Ken Loach’s new film is an unflinching exploration of the reality of government welfare reforms. The powerful performances illustrate the effects on people at the receiving end of this Orwellian nightmare. Their stories, though fictional, find parallels with many who have found themselves at the mercy of the Department of Work and Pensions (DWP) in recent years.
Along the way we meet a mother-of-two forced out of London by the housing crisis; a sympathetic Job Centre Plus (JCP) worker who attempts to support claimants; and our main character, Daniel Blake, a skilled carpenter who has been instructed not to return to work after suffering a near-fatal heart attack on the job.
These characters possess many of those human qualities deemed worthless by capitalism: kindness, honesty, integrity. It is these very qualities that tend to land them in trouble as they navigate their way through a system which increasingly reveals itself to be designed for one thing only: to force people off benefits.
The story revolves around Daniel’s trials and tribulations in seeking support from the state after he is declared “fit for work” in a work capability assessment, a measure introduced under New Labour and extended by the Conservative-Liberal Democrat coalition.
The scenes have a sense of authenticity. Viewers who have claimed Job Seekers Allowance recently could well experience deja-vu: the life draining call-waiting times to the DWP; time consuming visits to the Job Centre which focus more on catching out claimants than assisting them back to work; and the terror induced by a referral to a nameless, faceless, and seemingly omnipotent decision maker.
With his rare talent of portraying the reality of working class life accurately and without sensationalising, Loach explores the interconnection between welfare “reforms” and food banks, mental health and the variously creative, dangerous and degrading ways people find to get by.
Much to its credit, the film also deals with the internal conflict among JCP advisors, with a workforce caught between the right’s campaign against benefit claimants and their own instinctual urges to offer support to some of the most disadvantaged in our society.

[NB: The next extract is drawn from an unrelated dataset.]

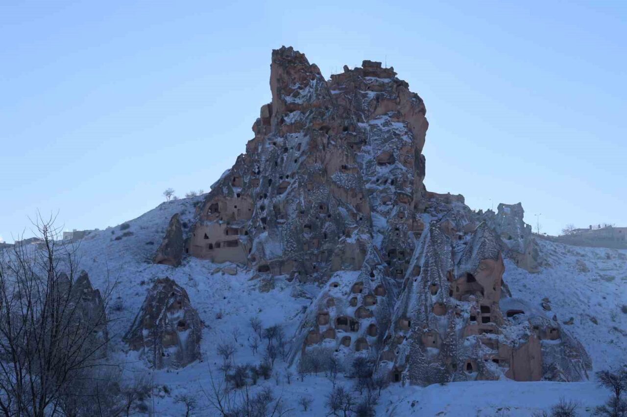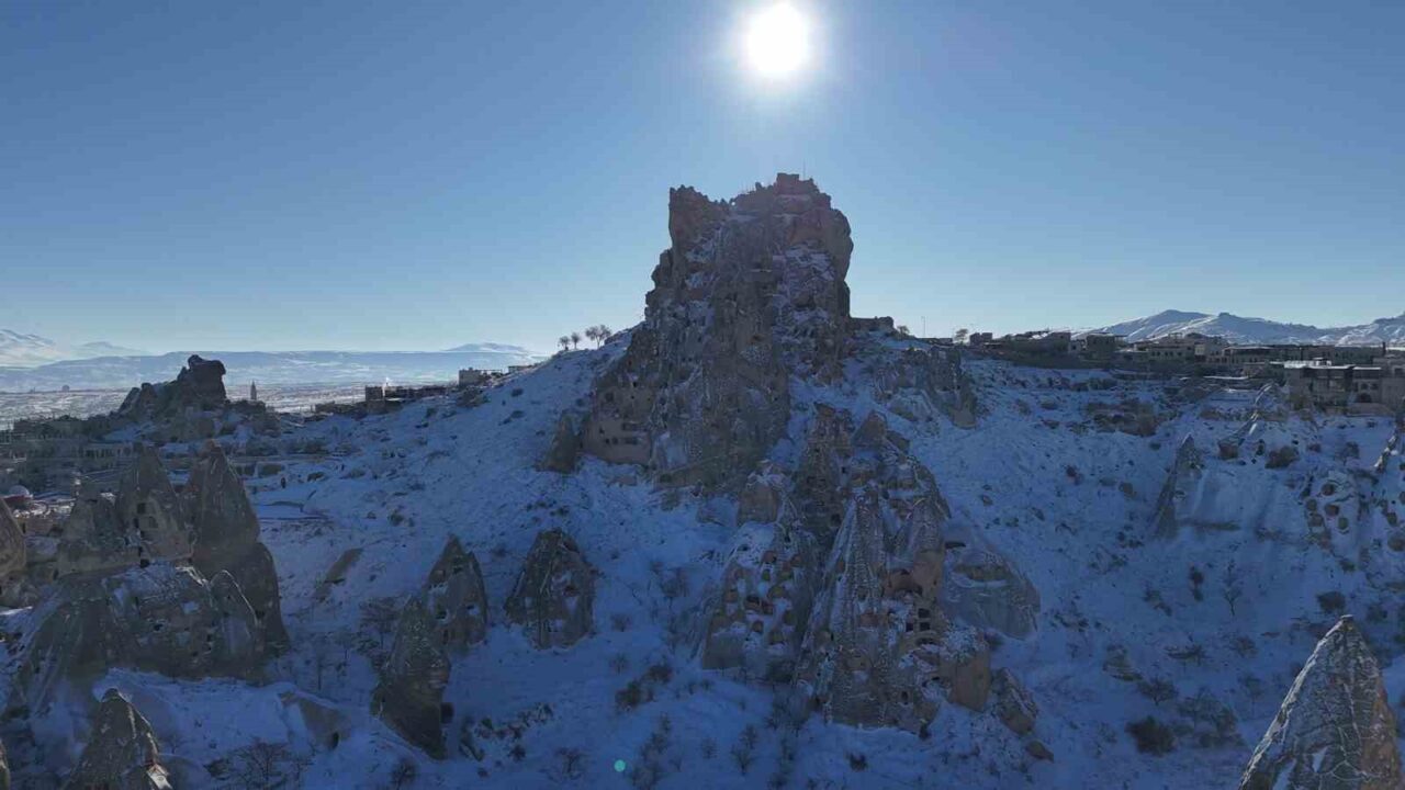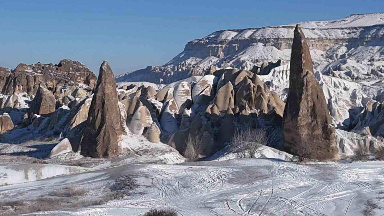 Karlarla kaplı Kapadokya, ziyaretçilerine masalsı bir atmosfer sundu. Peribacalarıyla dolu vadileri, kayadan oyma tarihi kiliseleri ve yeraltı ile yerüstü oluşumlarıyla, turistlerin dikkatini çeken Kapadokya bölgesi yılbaşı gecesi yağan karın ardından beyaza büründü. Bölgeyi ziyaret eden yerli ve yabancı turistler, karla kaplanan peribacaları ve doğal kaya oluşumları arasında gezinti yaparak bol bol fotoğraf çektiler. Yaklaşık bir hafta sonra havalanan sıcak hava balonlarına binen turistler de karla kaplı Kapadokya’yı gökyüzünden izleme fırsatı buldu.

Figures from the DWP show that in just over a two-year period, 2,380 people died after their Employment and Support Allowance was stopped due to a work capability assessment ruling them fit for work.
Welfare reforms over the last decade have wrought suffering and misery on the lives of thousands of people, while the media and the politicians have lined up to tell them their misfortunes are the result of their own private, personal failures. On the contrary, these are failings of the system, and the injustice should be laid out in plain view for all to see.
This is precisely what I, Daniel Blake does.